Bagged Tree MSE: 0.04630
Single Tree MSE: 0.04778


In [5]:
# stacking implementation
from sklearn.ensemble import StackingRegressor
from sklearn.linear_model import RidgeCV

# Define base models
base_models = [
    ('linear', LinearRegression()),
    ('svm', SVR(kernel='rbf')),
    ('tree', DecisionTreeRegressor(max_depth=5))
]

# Define meta-model
meta_model = RidgeCV()

# Create stacking model
stacked_model = StackingRegressor(
    estimators=base_models,
    final_estimator=meta_model,
    cv=5
)

# Fit and predict
stacked_model.fit(X_train_scaled, y_train)
pred_stacked = stacked_model.predict(X_val_scaled)

# Evaluate
mse_stacked = mean_squared_error(y_val, pred_stacked)
print(f"\nStacked Model MSE: {mse_stacked:.5f}")

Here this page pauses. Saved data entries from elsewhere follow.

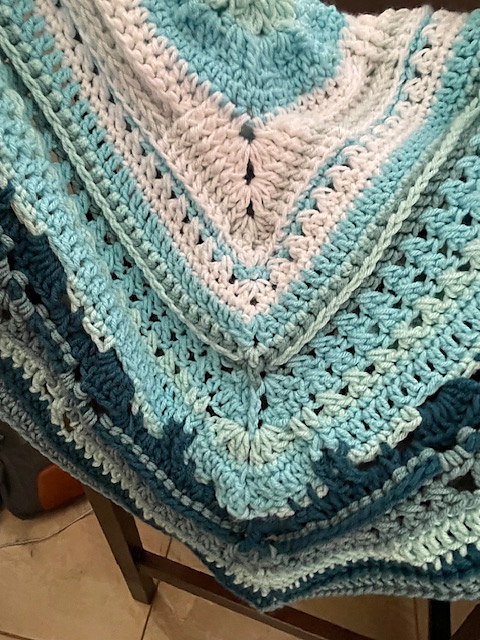 This extended version of the Winter Square is 31 rounds that I used in creating an alternative to a temperature blanket square. Your finished blanket will depend on your choice of yarn and hook and your tension. I used medium #4 yarn and a 7.0mm hook.
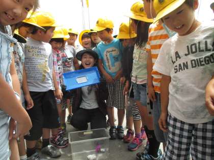 モンシロチョウとはお別れしましたが、教室にはまだ子どもたちが捕まえてきてくれたアゲハチョウの幼虫がたくさんおり、その中にはサナギもいます。観察を続けて立派な蝶になる瞬間を見届けましょう!
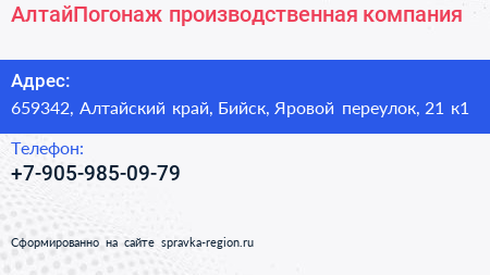 АлтайПогонаж, производственная компания по адресу 659342, Алтайский край, Бийск, Яровой переулок, 21 к1 в дальнейшем Организация, размещена в следующих категориях:
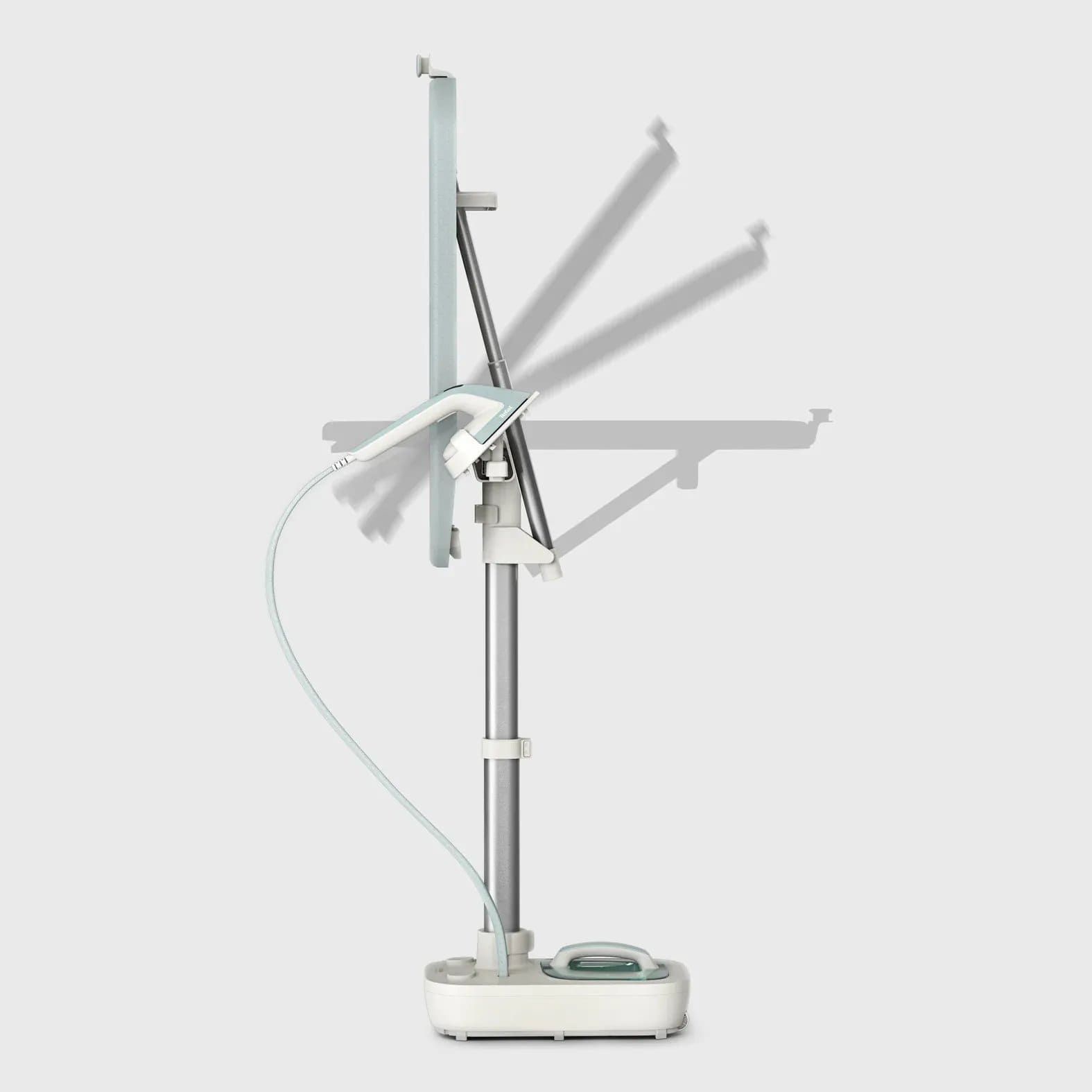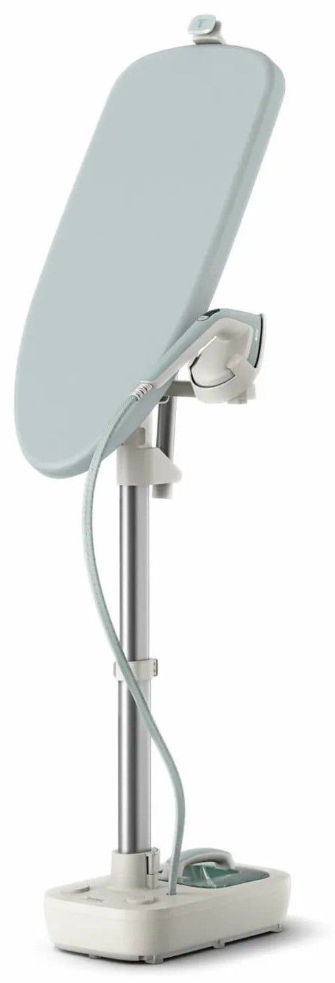 Особливості:гачок для підвішування одягу, система захисту від накипу, нагрівання за 70 секунд, індикатор готовності подачі пару, Знімний резервуар для води, знімна база, 3 налаштування подачі пари, інтегрована дошка, вбудовані коліщата для зручності переміщення, індикатор необхідності очищення від накипу, підставка для праски

# Show weights learned by meta-model
print("\nMeta-model coefficients:", stacked_model.final_estimator_.coef_)


Stacked Model MSE: 0.04541

Meta-model coefficients: [0.30570458 0.42234448 0.27543512]


# Ensemble Learning Results Comparison and Recommendations

## Performance Comparison

| Method          | MSE       | Improvement vs Best Base Model | Model Weights (Stacking) |
|-----------------|-----------|--------------------------------|--------------------------|
| Base - Linear   | 0.05186   | -                              | -                        |
| Base - SVM      | 0.04603   | -                              | -                        |
| Base - Tree     | 0.04778   | -                              | -                        |
| **Blending**    | 0.04546   | 1.24% better than SVM          | Equal weights            |
| **Bagging**     | 0.04630   | 0.59% worse than SVM           | -                        |
| **Stacking**    | **0.04541** | **1.35% better than SVM**      | Linear: 0.31, SVM: 0.42, Tree: 0.28 |

## Key Insights

1. **Model Effectiveness**:
   - All ensemble methods outperformed the base Linear model (4.6-12.4% improvement)
   - Stacking provided the best overall performance (1.35% better than the best base model)
   - Blending showed nearly comparable results to stacking with simpler implementation
   - Bagging improved the Tree model but didn't surpass SVM's performance

2. **Weight Analysis**:
   - The stacking meta-model assigned highest weight to SVM (0.42), confirming it as the strongest individual predictor
   - Linear regression contributed more than the tree (0.31 vs 0.28), suggesting its stability adds value
   - The balanced weights indicate each model brings unique predictive value

3. **Performance Patterns**:
   - The relatively small margins between methods suggest the base models were already reasonably strong
   - SVM's strong individual performance limited potential ensemble gains
   - The consistent outperformance of ensembles demonstrates their robustness

## Practical Recommendations

1. **For Production Deployment**:
   *"Implement the stacking model as it provides the best accuracy (MSE 0.04541) with reasonable complexity. The 1.35% improvement over the best base model could translate to significant business value at scale."*

2. **For Rapid Implementation**:
   *"Use blending with equal weights if development resources are limited - it achieves 99% of stacking's performance with much simpler implementation and maintenance."*

3. **For Model Improvement**:
   *"Experiment with adding more diverse base models to the stacking ensemble, particularly models that might capture different patterns than SVM and linear regression."*

4. **For Resource Optimization**:
   *"Consider using just the SVM model if computational resources are extremely constrained, as the ensemble gains are modest in this case."*

5. **Next Steps**:
   *"Investigate why bagging underperformed - try increasing the number of estimators or using different base models. Also explore feature engineering to create more differentiation between models' strengths."*

###Conclusion
The results demonstrate that while all ensemble methods provided value, stacking delivered the best performance by intelligently combining model strengths through learned weights. The choice between methods should balance performance needs with implementation complexity in specific environment.